「音」の探し物

 大修館書店『英語教育』の 1961 年 7 月号(Vol.X No.4)の「Question Box」欄 pp.27-28 に興味深いことが書かれている。
 Hornby の The Teaching of Structural Words and Sentence Patttern に、文頭の This や That にも下降調の発音が認められるとの説明があり、具体例として This is a ↓stone. ↓This is a stone,|↓too. などが挙げられていることを引き、実際にどのような発音になるのか説明してはもらえないだろうかという読者の願いに対し、宮田先生が答えているのだが、その最後にこうある。

 紙の上ではこれくらいの説明しかできません。もしご希望でしたら,実際に発音してお聞かせしましょう。つぎの規定によってお申し込みくだされば,私の発音をテープに録音してお送りします。
《録音申し込みの規定》
(1) 3型のテープをお送りください。(3型というのは,リールの直径3インチのもの,最も小さいものです。)
(2) 1度でも使用したテープでしたら,録音したものを消してからお送りください。
(3) 3型のテープが求められない場合には,その代金として 180 円かわせまたは現金でお送りくださっても結構です。
(4) こちらからテープを返送する費用として,そちらからお送りになった場合に要した費用と同額をお送りください。これは切手代用でも結構です。
(5) このサービスの提供はきたる7月31日限りとします。
(6) この問題以外の録音はお引受けいたしません。(ただし,今後 Question Box で扱った発音の問題については,そのつど,お引受けするかどうかをお知らせします。
(7) 申し込み先は大修館書店「英語教育」編集部 Question Box 係。

 インフォーマントとしての英語母語話者など身近に望むべくもなかった時代*1、正しい「音」を求めて藁にもすがる思いだった英語教師たち。その願いに応えようと、自分の「音」を提供しようとする先達。全国で何人もの教師たちが、オープンリールのデッキをカチャカチャ言わせながら、先達の「音」に耳を傾けたのだろう。今ではとても考えられないことだが、こんなことが実際にあったのだ。
 どなたか、この録音を申し込み、今もテープをお持ちだという方はいらっしゃらないだろうか。
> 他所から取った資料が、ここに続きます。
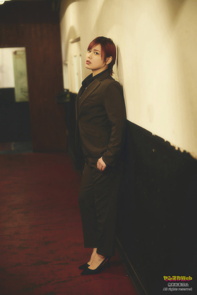 「諜報員」をテーマにしたパンツスーツ姿の舞華(C)高橋慶佑/ヤンマガWeb ▶︎ヤンマガページへ
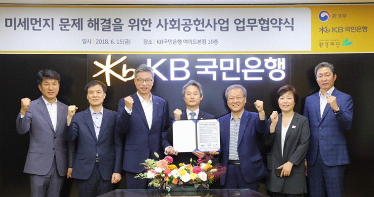 KB국민은행과 환경재단 미세먼지센터는 미세먼지 대응 사회공헌사업을 추진하고, 환경부는 관련 홍보자료 제공 등 지원을 하게 된다.
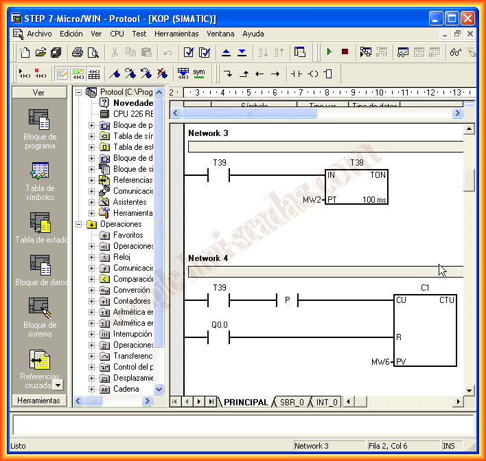 Para comprobar que funciona correctamente he creado unos segmentos en un programa del microwin para el 200 donde aquí se puede observar algunos de ellos.
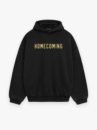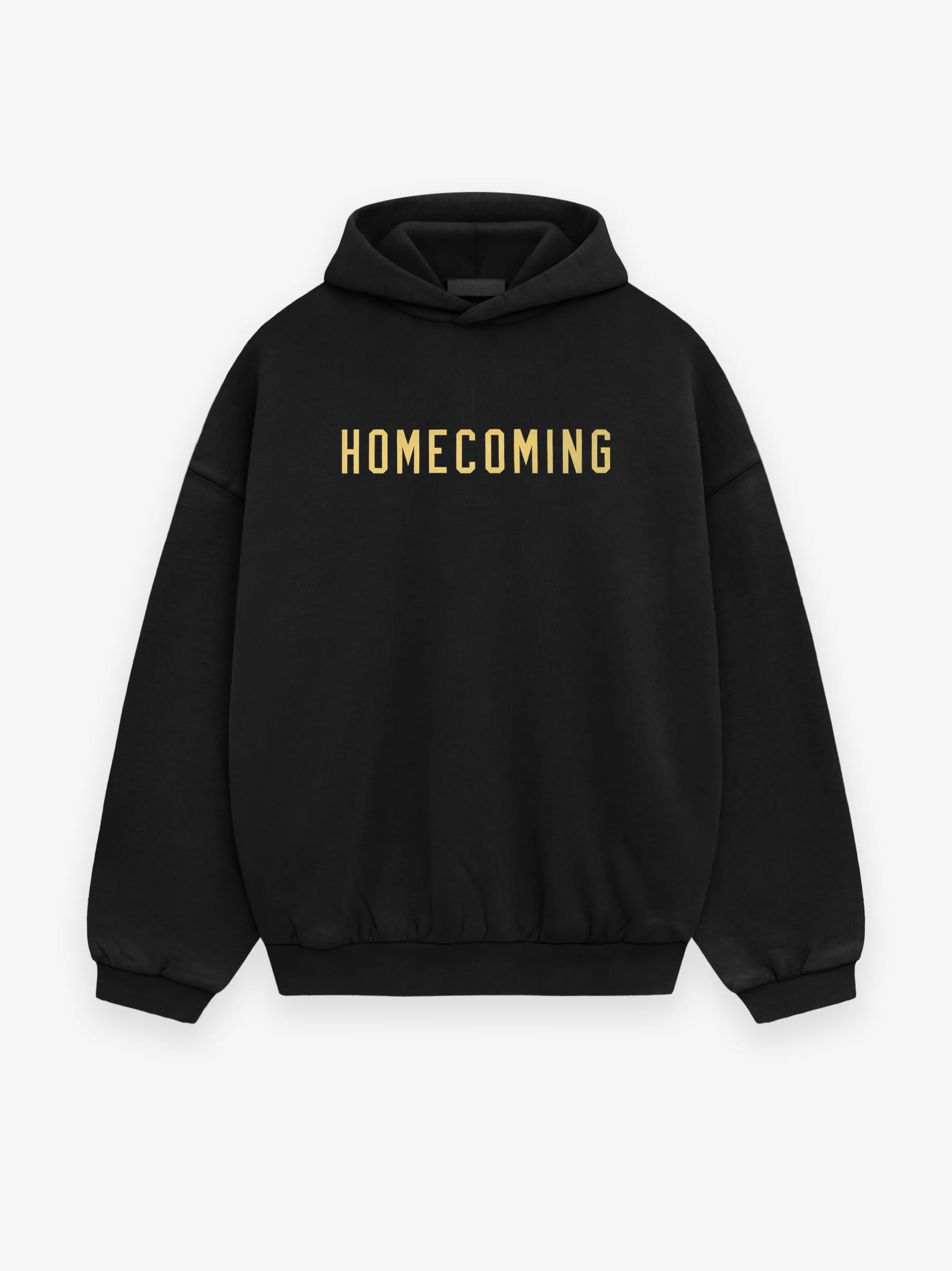 The Heavy Fleece Hoodie is made from heavyweight 520gsm, 100% cotton fleece with a subtle vintage wash. The designed volume creates a round, cropped silhouette. A collegiate-inspired "Homecoming" graphic is screen-printed on the front. Details include an overlapped neckline hoodie, rib-knit cuffs, waist-hem, and side pockets. The Essentials Fear of God rubberized label is stitched on the hood.

宮田先生の求めた「音」の正確さをこの耳で確かめることができたらと思うのである。

*1:では、今の時代、This is a ↓stone. ↓This is a stone,|↓too. の発音に対し Hornby が求めたものを読み取って再現できる英語母語話者が私たちの身近にどれほどいるのかと言えば、それには相当の議論の余地があると思う。